Ironically, the show is at its best when Superman isn’t present at all. At one point, he escapes into the dimension from which Bizarro hails, and where another version of Ally is attempting to achieve the same world-merging goals. In the process, the ninth episode (the Ian Samoil-directed “30 Days and 30 Nights”) is allowed to slow down and focus entirely on the Smallville drama in Superman’s absence, but soon after, we’re yanked into the aforementioned alternate reality for some mind-numbing antics. Human villain Anderson skips about 15 dramatic beats in order to transform into a major threat, while the Bizarro planet — cube-shaped though it may be, like in the comics — is revealed to be pretty much like our own, only slightly red-tinted and with more Goth-inspired fashion. It’s a dour and deeply uninspired rendition of a quirky comic book concept — people whose physiology and morality are the “inverse” of ours in every way — leading, here, to the main cast playing versions of themselves who only differ because they have a bit more of a temper.

Despite this overarching premise flailing and eventually flatlining, the final few episodes bring together the season’s drama in satisfying fashion. The question of whether the Kents should be keeping their identities secret becomes a key point of dramatic tension — especially since it challenges the character’s central premise since 1938 — and it’s given enough room to unfold in the season’s back half, though it mainly works because Sarah and Lana are eventually roped up in this dilemma.
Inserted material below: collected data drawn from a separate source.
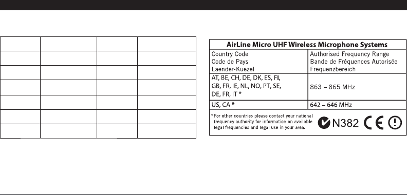 Airline Micro N-Channel wireless frequencies are within UHF TV frequency bands. Only certain channels may be available in particular
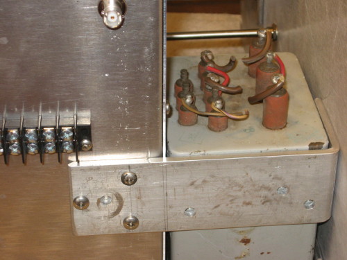 - Inside view shows -HV to ground resistors and surge diodes on the insulated bleeder bracket.
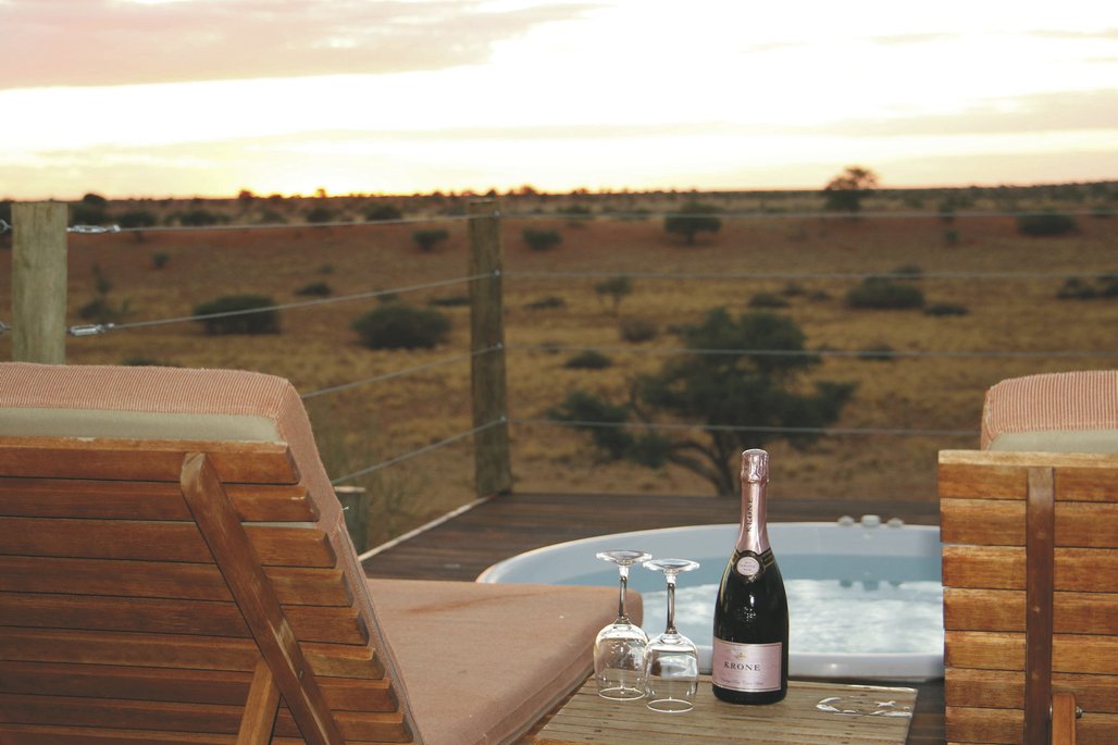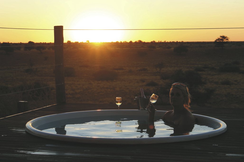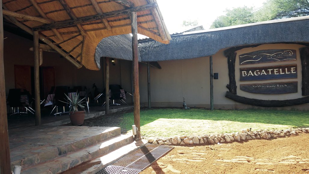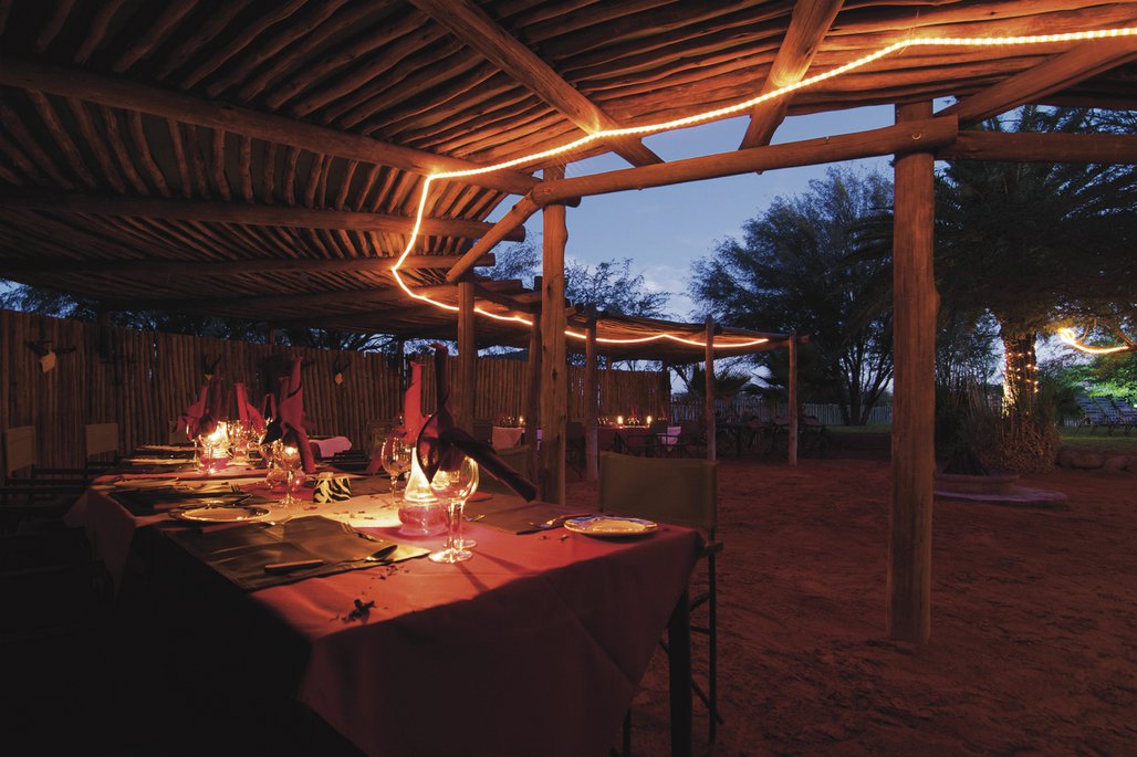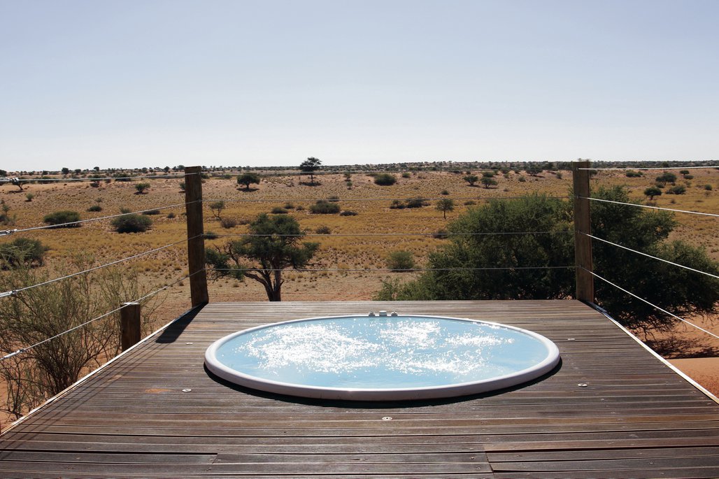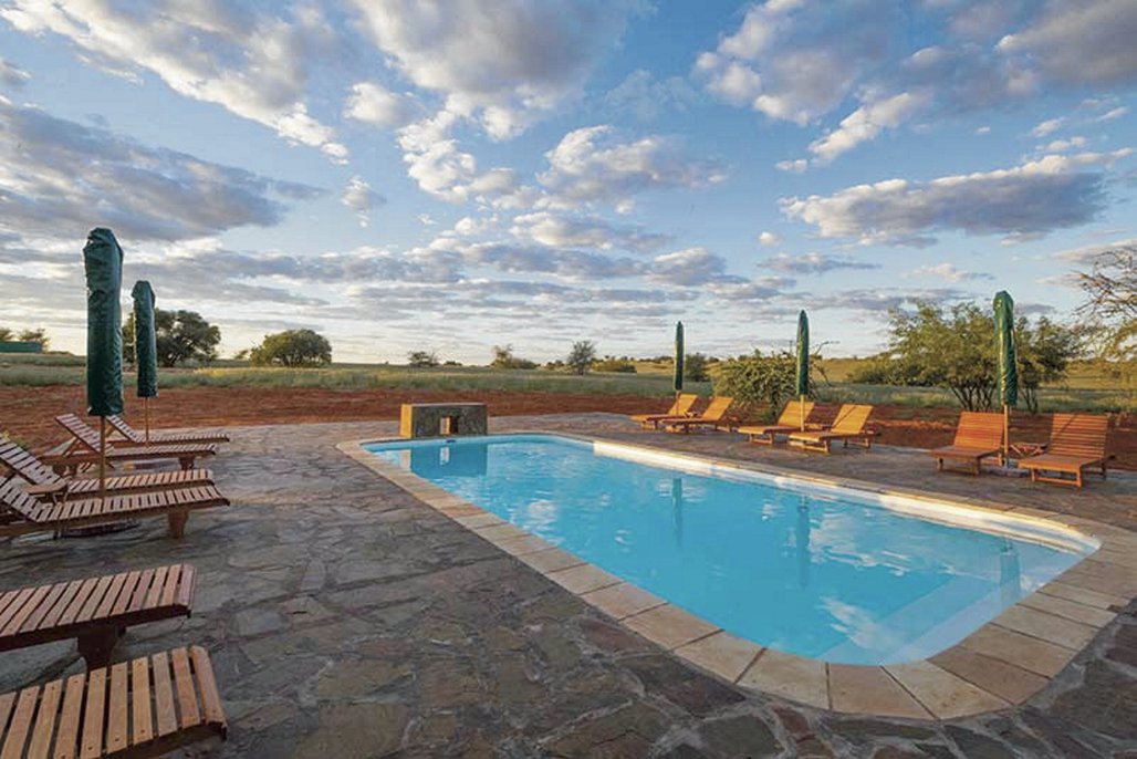 Im alten Farmhaus befinden sich das Restaurant mit Terrasse, die Lounge mit Kamin und WLAN, die Bar, eine kleine Bibliothek und der Weinkeller. Im Garten entspannen Sie am Pool und die Lapa ist der Platz für ein gemütliches Beisammensein und Abendessen mit Lagerfeuerromantik. Überdachter Parkplatz vorhanden. Erleben Sie die Kalahari von ihrer schönsten Seite bei einem Spa-Besuch oder verschiedenen optionalen Aktivitäten: geführte Wanderungen mit den San, Panorama- und Sundowner-Fahrten, geführte Reitsafaris, Sternenbeobachtung mit dem computergesteuerten Teleskop, Besuch der Geparden aus dem Cheetah Conservation Fund.
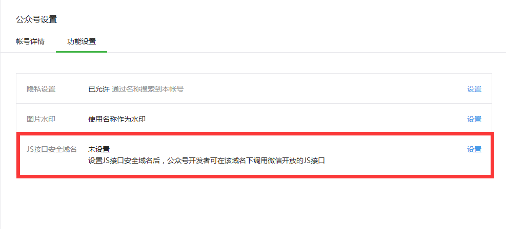 1、 設置JS接口安全域名,點擊設置 -> 公衆号設置 -> 功能(néng)設置 -&♠λgt; JS接口安全域名 ->設置,彈出JS安<σ全域名輸入框,建議(yì)域名寫上(shàng)帶www和(≥∞hé)和(hé)不(bù)帶www的(de),如(≥©rú)下(xià)圖
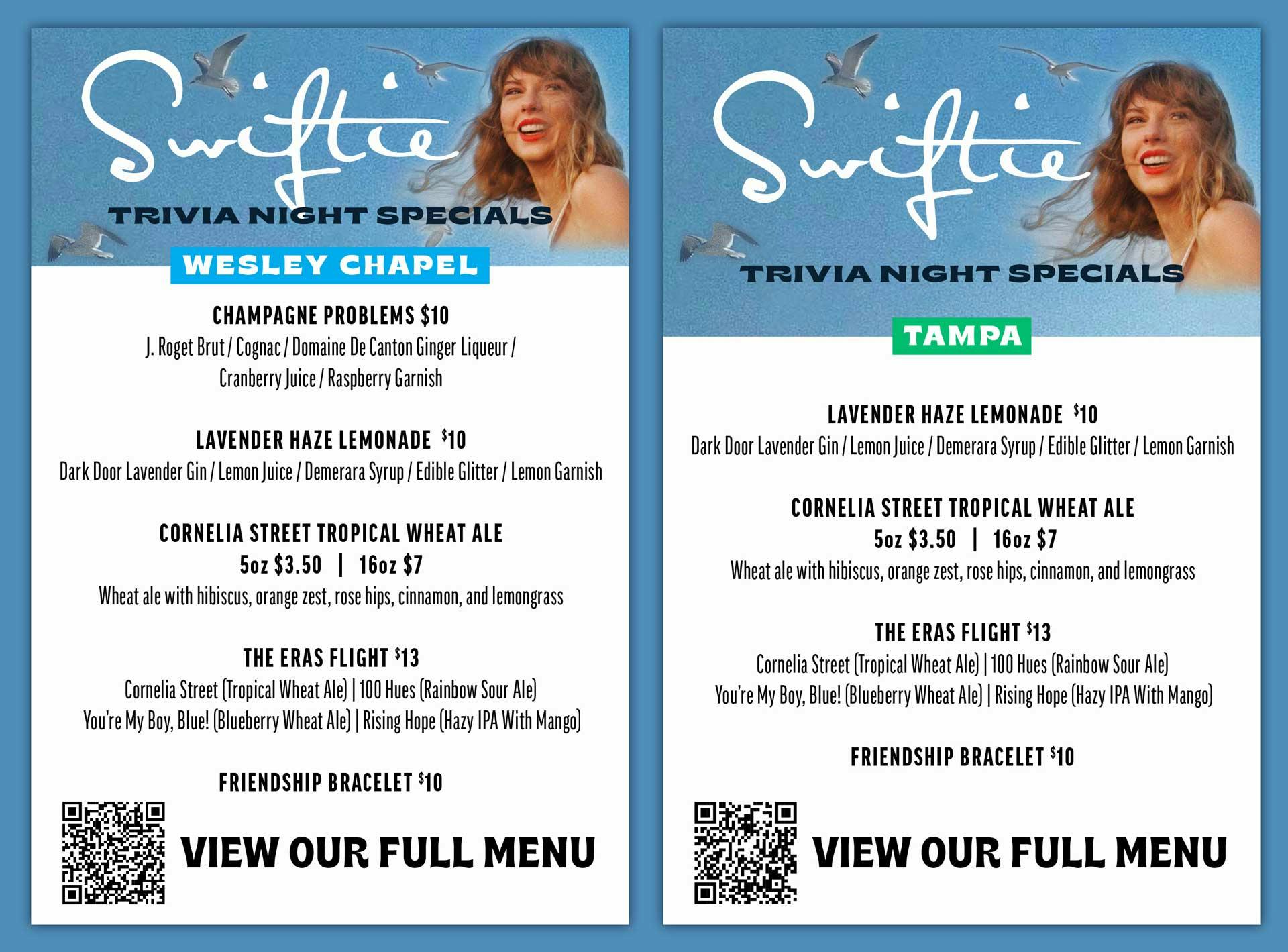 Calling all Swifties! Join Timeless Entertainment for Swiftie Trivia Night on Tuesday, November 21st at 7:30 pm at both our locations in Wesley Chapel and Tampa, FL.
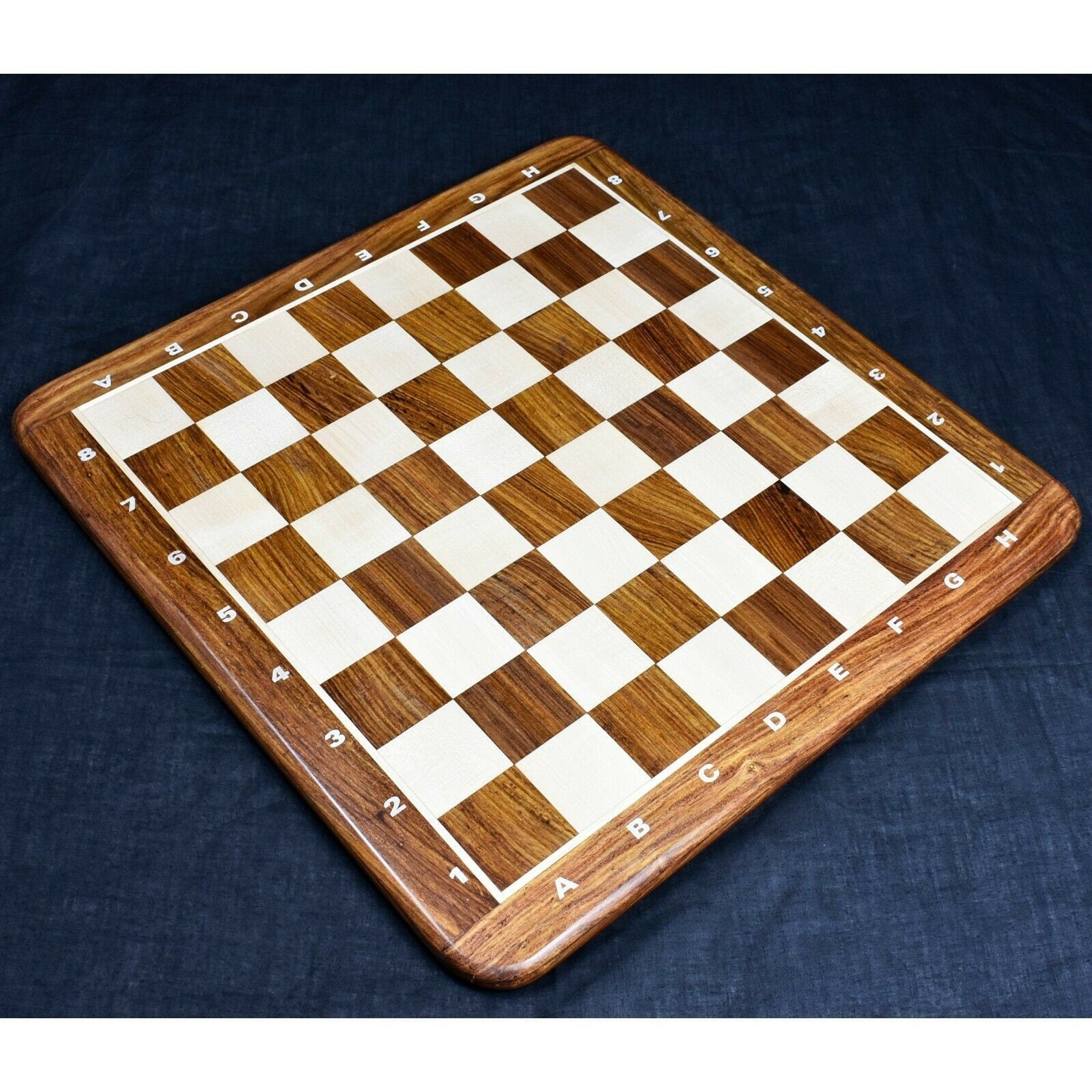 21" wooden(sheesham) flat chess board with Notations on borders Rounded corners Lacquered polish- Golden Rosewood & Maplewood.
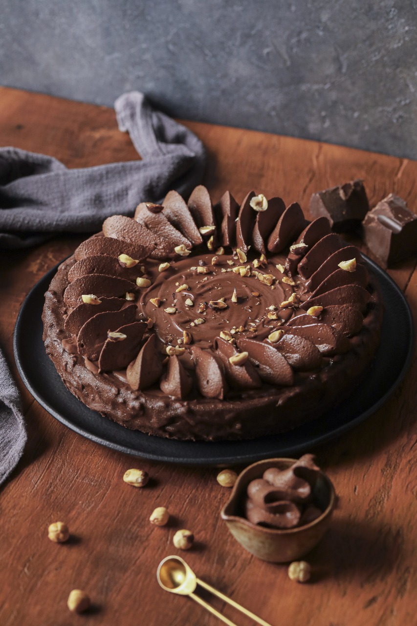 Ingredientes: Base: aveia sem glúten, óleo de coco, avelã, amido de milho, hidropropil metil celulose, fibra de tapioca, stévia reb a, mel de tâmaras, manteiga vegana (Óleo de coco, óleode girasol, castanha de caju, lecitina de girassol, urucum e sal). Mousse de gianduia: leite de coco, avelã, biomassa de banana verde, chocolate 42% cacau vegano adoçado com tâmaras, pasta de tâmaras, creme de avelã e chocolate adoçado com tâmaras, água, cacau em pó, stévia, fribra de milho. Ganache gianduia: creme de avelã e chocolate adoçado com tâmara, leite de coco, manteiga vegana.
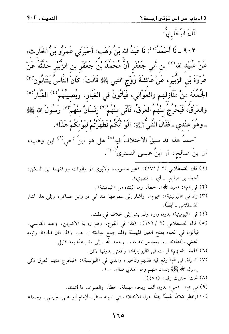 نا أحمد: نا عبد الله بن وهبٍ: أخبرني عمرو بن الحارث، عن عبيد الله بن أبي جعفر، أن محمد بن جعفرٍ بن الزبير حدثه، عن عروة بن الزبير، عن عائشة –زوج النبي - صَلَّى اللهُ عَلَيْهِ وَسَلَّمَ -، قالت: كان الناس ينتابون الجمعة من منازلهم والعوالي، فياتون في الغبار، يصيبهم الغبار والعرق، فيخرج منهم العرق، فأتى إنسان منهم رسول الله - صَلَّى اللهُ عَلَيْهِ وَسَلَّمَ - وهو عندي -، فقال النبي - صَلَّى اللهُ عَلَيْهِ وَسَلَّمَ -: ((لو أنكم تطهرتم ليومكم هذا)) .
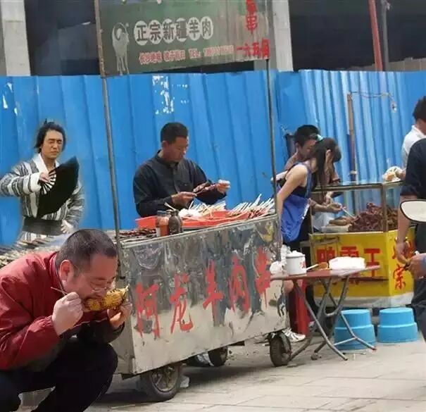 吃瓜群众当时各显神通P了各种楚大侠卖羊肉串的神图~
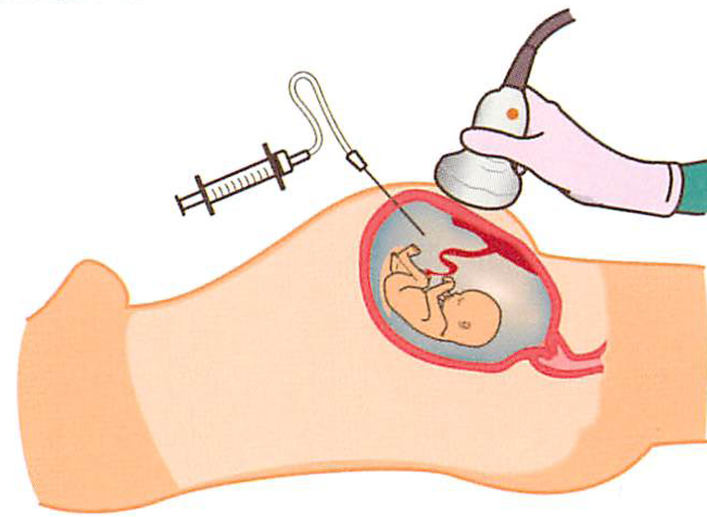 妊娠18~19週に、超音波で子宮の中を観察しながら、腹壁から針を刺し羊水を20ml程度採取します。
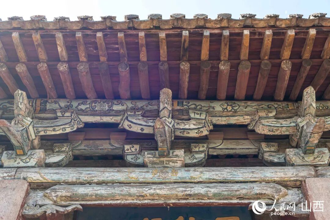 作为宫观核心建筑,正殿面阔三间、进深六椽,单檐歇山顶,其梁架结构堪称金元时期木构建筑的典范。采用四椽栿对前乳栿通檐用三柱的构架,脊部以叉手、合踏、蜀柱与丁华抹颏拱组合承重,山面排架通过爬梁架于四椽栿上,这种技术有效分散屋顶荷载,至今仍保持结构稳定。
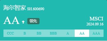 MSCI:海爾智家ESG評(píng)級(jí)升至AA,國內(nèi)行業(yè)最高
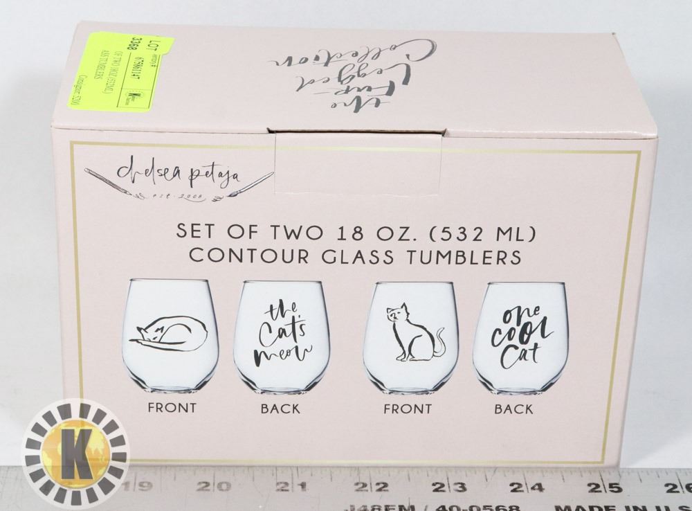NEW SET OF TWO 18OZ (532ML) "CAT" GLASS TUMBLERS
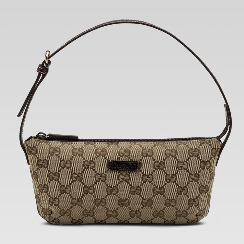 -beige/ebony GG fabric with brown leather trim-adjustable strap with horsebit ring buckle-zip-top closure
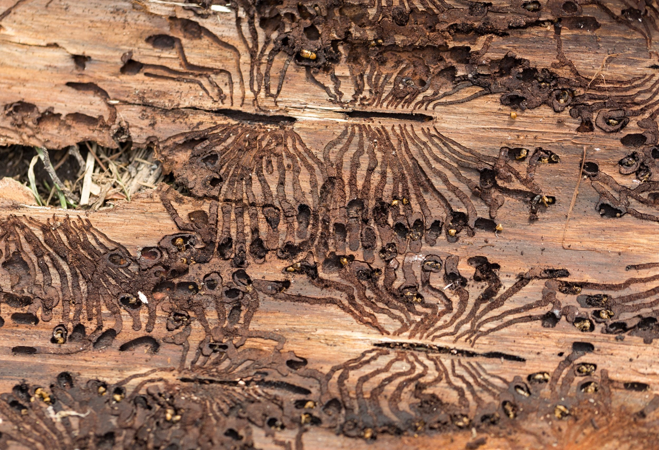 Личинки в древесине дерева

Season 2 may not be nearly as coherent as its predecessor, nor does it take the time to let many of the Kents’ emotional challenges breathe. However, its supporting cast — Navarrette, Chriqui, and Valdez — practically warp the series around themselves via their characters’ touching, complicated drama, until Superman & Lois becomes less a show about its title characters, and more about the regular, everyday people caught up in their orbits.